Stop the massacre against the displaced is the only way forward for the restitution of land, vital to the peace initiative in Colombia. As it is vital to have faultless military forces to rebuild the path marked by violence.
The judge had complicated criminal cases. The most serious, the murder of three children, including a 12-year-raped previously, which is charged with a second lieutenant in the Army. Gaona, 39, had alleged that attorneys for the Defense Integrated Military had spun tales to delay the process.
On Wednesday, David Góez, 70, was killed in a commercial area of Medellin, the second largest town. Representing 120 families who claim 20,000 hectares in the area of Uraba, the Caribbean, where the paramilitaries have successfully implemented their model of political control, economic and military.
March has been a black month for human rights in Colombia, with Góez are three community leaders who worked for the restitution of land killed this month. The list also includes a leader of the government program Families in Action, riddled front of her husband and children. In addition, we must add the death this Saturday, Yhiel, the troubled rapper Medellin Comuna XIII.
It is the fifth shot young artist who died in this sprawling district, preached replace bullets for music. These murders are added to the death threats against journalists and human rights defenders signed by the Aguilas Negras, a new paramilitary group to which the Government calls BACRIM: criminal gangs of drug trafficking.
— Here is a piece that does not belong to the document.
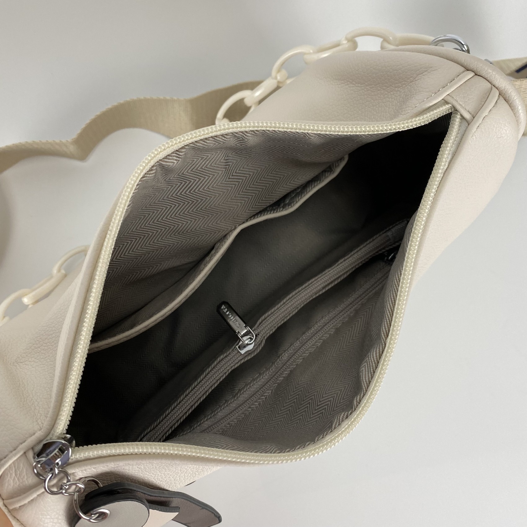 Створіть свій неповторний образ з жіночою сумкою Pamela. Ця кремова крос-боді сумка, виготовлена з екокожи, стане вашим стильним спутником.

Several NGOs called on Monday before the Commission on Human Rights, meeting in the Washington headquarters of the Organization of American States (OAS), which make a visit to Colombia to monitor the situation. Reported, among other things, a decline in the transfer of military justice cases to the ordinary, which leads to crimes committed by the security forces remain unpunished.
Who is behind these crimes and threats? Iván Cepeda, a congressman of the Democratic Pole and defender of victims of violence, has a thesis: after the false demobilization of paramilitary groups has come to light that many demobilized did not belong to the organization, there was the simple interest of inflating statistics.
"It was a plan to stop in the shade structures to defend what is obtained by means of the slaughter and displacement." To Cepeda, the paramilitary structures BACRIM are designed to control territories and prevent the return of lands, political flag of the president Juan Manuel Santos. Already been reported that some of them with the complicity of members of the security forces.
It is estimated that nationwide the paramilitaries robbed farmers of more than five million hectares. Since 2002, 42 people who fought for the return of his own have been killed. Since Santos came to power and there are seven victims. On Monday, the government announced a security plan to protect these people.
Earlier, Christian Salazar, representative in Colombia of the office of UN High Commissioner for Human Rights, had called for a "thorough review" of policies to protect vulnerable people. Will the security plan? Cepeda is not optimistic: "While the diagnosis is wrong is difficult [this] is the solution." The congressman believes that a successful strategy must be based on a correct definition of what constitutes the BACRIM.
At a special meeting held on Monday, Vice President and Defense Minister of the Interior and Agriculture said almost in unison that the land restitution policy is no turning back. "This is not going to cross the criminals," they said. "The government must move from words and good intentions into action," said Cepeda, who recognizes the change of tone compared to the previous current Executive: Do not demonize NGOs or human rights defenders.
Stop the massacre against the displaced is the only way forward for the restitution of land, vital to the peace initiative in Colombia. As it is vital to have faultless military forces to rebuild the path marked by violence.